On July 1, 1995, KCAT became an officially recognized department under the CWU Division of Student Affairs. KCAT obtained its Construction Permit on March 3, 1998, to build a 500-Watt, non-commercial educational FM broadcast station at 88.1 MHz, with tower site located at 1300 North Pfenning Road in Ellensburg. Two months later, KCAT was given the call letters "KCWU" by the FCC, to use once it signs over the air. The call letters were changed because "KCAT" already existed in Pine Bluff, Arkansas.

===KCWU in the SUB (1998–2006)===
On September 19, 1998, KCWU-FM began 24/7 live operation, under the leadership of General Manager Chris Hull. The Burg's first remote broadcast aired April 30, 1999 at noon from the gazebo at 4th and Pearl in downtown Ellensburg.
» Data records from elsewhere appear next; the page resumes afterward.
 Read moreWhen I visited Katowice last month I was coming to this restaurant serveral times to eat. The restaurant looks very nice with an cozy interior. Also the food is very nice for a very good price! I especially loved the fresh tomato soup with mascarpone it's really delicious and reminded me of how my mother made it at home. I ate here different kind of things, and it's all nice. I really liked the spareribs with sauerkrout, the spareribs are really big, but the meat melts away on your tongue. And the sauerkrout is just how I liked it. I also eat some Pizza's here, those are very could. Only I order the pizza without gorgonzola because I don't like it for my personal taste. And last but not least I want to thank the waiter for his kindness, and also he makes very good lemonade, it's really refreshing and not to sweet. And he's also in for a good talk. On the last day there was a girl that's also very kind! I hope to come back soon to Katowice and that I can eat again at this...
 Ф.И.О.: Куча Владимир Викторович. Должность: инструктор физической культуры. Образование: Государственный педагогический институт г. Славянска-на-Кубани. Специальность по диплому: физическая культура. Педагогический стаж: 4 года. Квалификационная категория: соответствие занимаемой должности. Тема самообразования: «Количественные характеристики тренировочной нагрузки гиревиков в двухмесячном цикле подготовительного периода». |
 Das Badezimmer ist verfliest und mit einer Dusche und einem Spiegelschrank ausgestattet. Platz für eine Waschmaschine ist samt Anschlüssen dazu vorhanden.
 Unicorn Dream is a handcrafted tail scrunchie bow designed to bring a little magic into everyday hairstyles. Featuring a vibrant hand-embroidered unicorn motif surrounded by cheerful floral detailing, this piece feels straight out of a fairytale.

In October 2001, The 'Burg began the Fireside Chat broadcast series, featuring (for the first time in the station's history) live broadcasts from the CWU President's home once every quarter. The broadcast occurs before a live studio audience of CWU students, and is designed as an intimate forum for them to discuss and address their concerns and issues to the President and the four University Vice Presidents in a very informative Q&A format. In the same month, then Promotion Director Kevin Tighe began "Rock Night with The 'Burg" now known as "Alley Ice with The 'Burg", was implemented as a live music and contest broadcast from the local Rodeo Bowl bowling alley every Wednesday night from 9pm to Midnight.

===KCWU in the SURC (2006–)===
On March 6, 2006, The Burg temporarily suspended live talent as they transitioned into their state-of-the-art facility in the new SUB/Recreation Facility. On August 3, 2006, KCWU-FM began audio transmission from its new broadcast studios in the SURC. They also adapted for live radio streaming from their website, broadcasting worldwide.
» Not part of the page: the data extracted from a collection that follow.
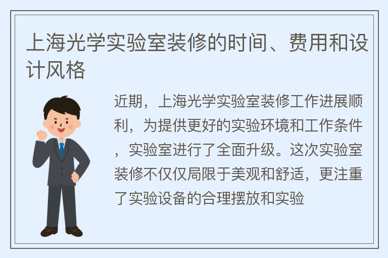 近期,上海光学实验室装修工作进展顺利,为提供更好的实验环境和工作条件,实验室进行了全面升级。这次实验室装修不仅仅局限于美观和舒适,更注重了实验设备的合理摆放和实验......【点击详情】
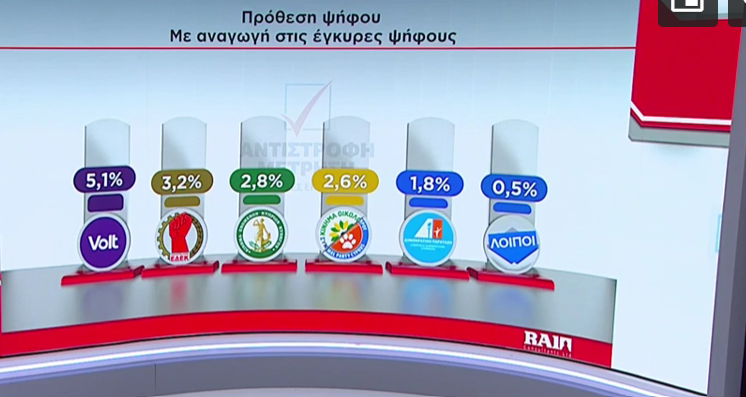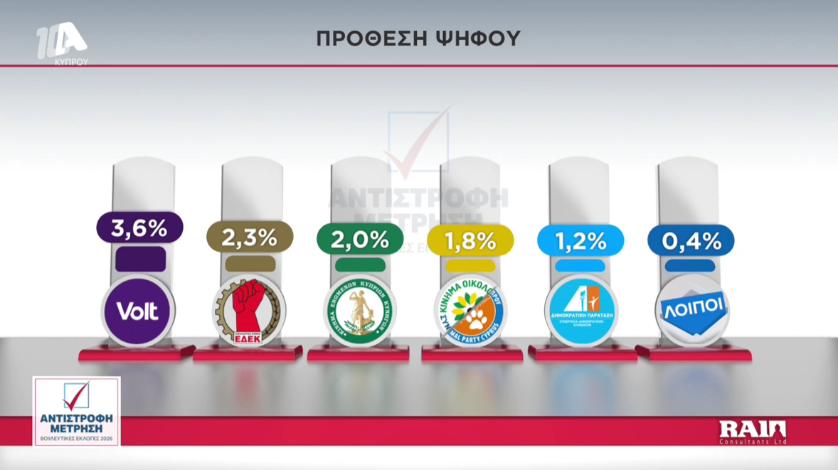 Στο επίπεδο των κομμάτων εκτός της πρώτης εξάδας, καταγράφεται περαιτέρω κατακερματισμός. Το Volt εμφανίζεται στο 3,6%, πλησιάζοντας οριακά επίπεδα κοινοβουλευτικής παρουσίας, ενώ η ΕΔΕΚ ακολουθεί με 2,3% και οι Οικολόγοι με 1,8%. Άλλα μικρότερα σχήματα κινούνται ακόμη χαμηλότερα, επιβεβαιώνοντας τη διασπορά της ψήφου σε πολλούς πολιτικούς σχηματισμούς.
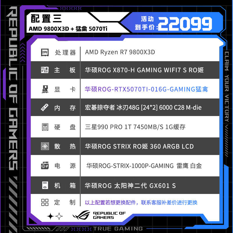 华硕ROG全家桶太阳神RTX5090D 电脑9800X3D游戏DIY主机 5080台式
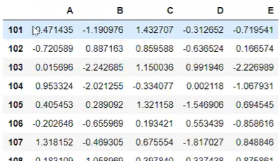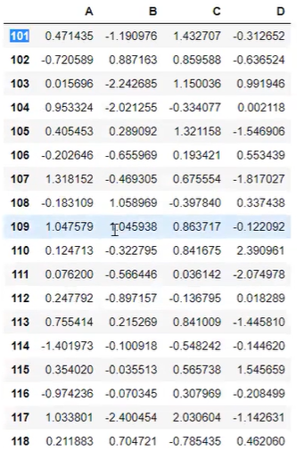 df=pd.DataFrame(np.random.randn(20,4), index=np.arrange(101,121),columns=['a','b','c','d'])

In March 2015, KCWU was named 2015 Best College Radio Station (With enrollment of 10,000 students or more) by the Intercollegiate Broadcasting System at their 75th annual College Media Conference, held in New York City.
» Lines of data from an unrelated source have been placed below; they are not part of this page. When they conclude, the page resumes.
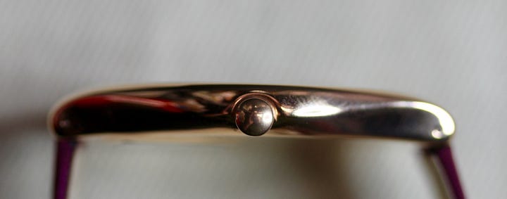 In other words, this is the sort of watch that works for someone who just wants the simplicity of a quartz watch for basic timekeeping, but wants it to be usable in a variety of situations. With the gold-tone case and fuscia accents, it definitely can pass as a dress watch. Given that it’s also paired to a color-matched strap, though, it means it can also work as a casual watch.
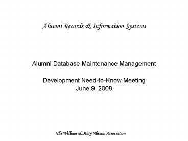Alumni Records PowerPoint PPT Presentation
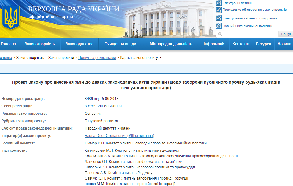 Законопроект №8489 был зарегистрирован на сайте парламента 15 июня.
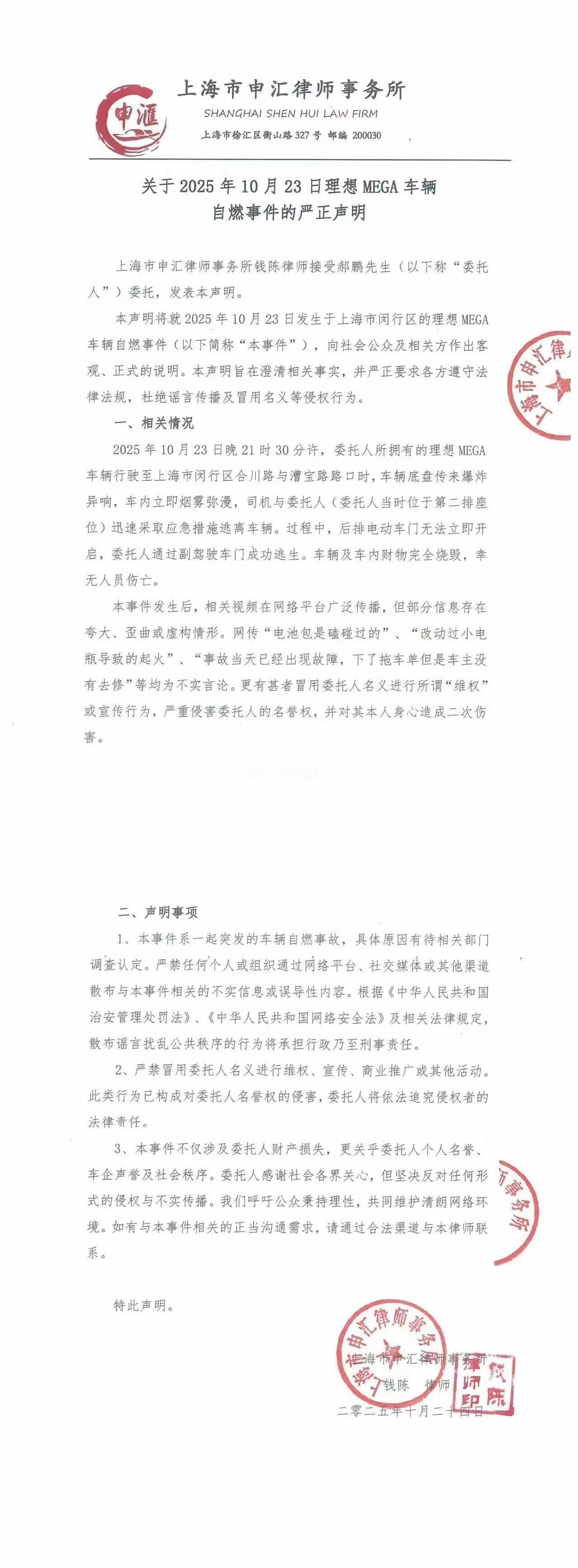 【理想MEGA自燃官方声明后,迎来反转】网传一份盖公章的律师函,其内容显示为车主
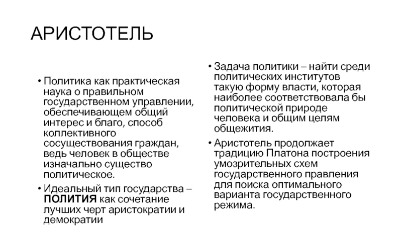Задача политики – найти среди политических институтов такую форму власти, которая наиболее соответствовала бы политической природе человека и общим целям общежития.
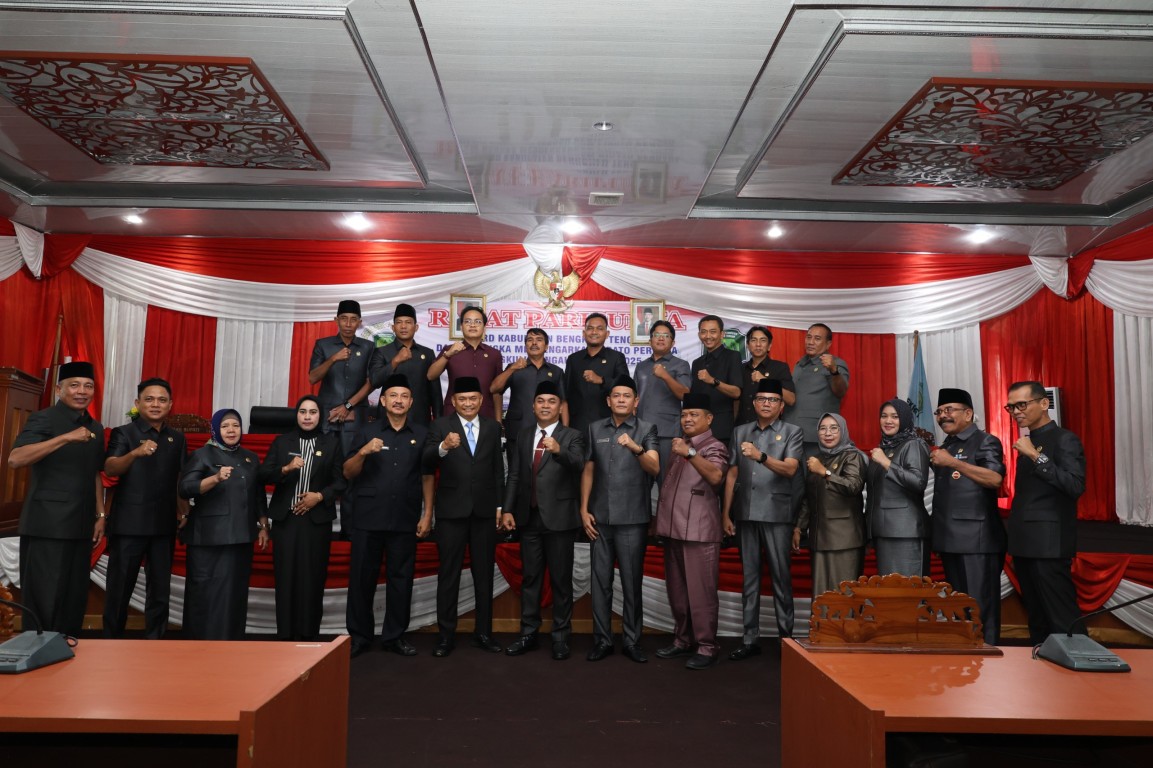 “Kami atas nama Pimpinan beserta seluruh anggota DPRD dan masyarakat Kabupaten Bengkulu Tengah menyambut hangat dan mengucapkan selamat kepada Bupati dan Wakil Bupati Bengkulu Tengah periode 2025-2030, dengan harapan kiranya saudara-saudara dapat bersama dengan DPRD Bengkulu Tengah membangun kemitraan dalam mengemban tugas yang mulia ini dengan sebaik-baiknya dalam upaya meningkatkan pelayanan serta pengabdian kepada masyarakat Bengkulu Tengah dengan melanjutkan program-program penyelenggaraan pemerintahan, pelaksanaan pembangunan dan pemberdayaan masyarakat, semoga dalam mengemban tugas dan tanggung jawabnya memimpin Kabupaten Bengkulu Tengah selalu mendapat ridho dan perlindungan Allah Swt”

In March 2022, KCWU was named 2022 Best College Radio station (With enrollment of 10,000 students or more) by the Intercollegiate Broadcasting System at their 82nd annual College Media Conference, held in New York City (virtually). This is the second time KCWU had won this award.

==Program funding==
The radio station is largely funded by fees paid by the Central Washington University student body and from local underwriting.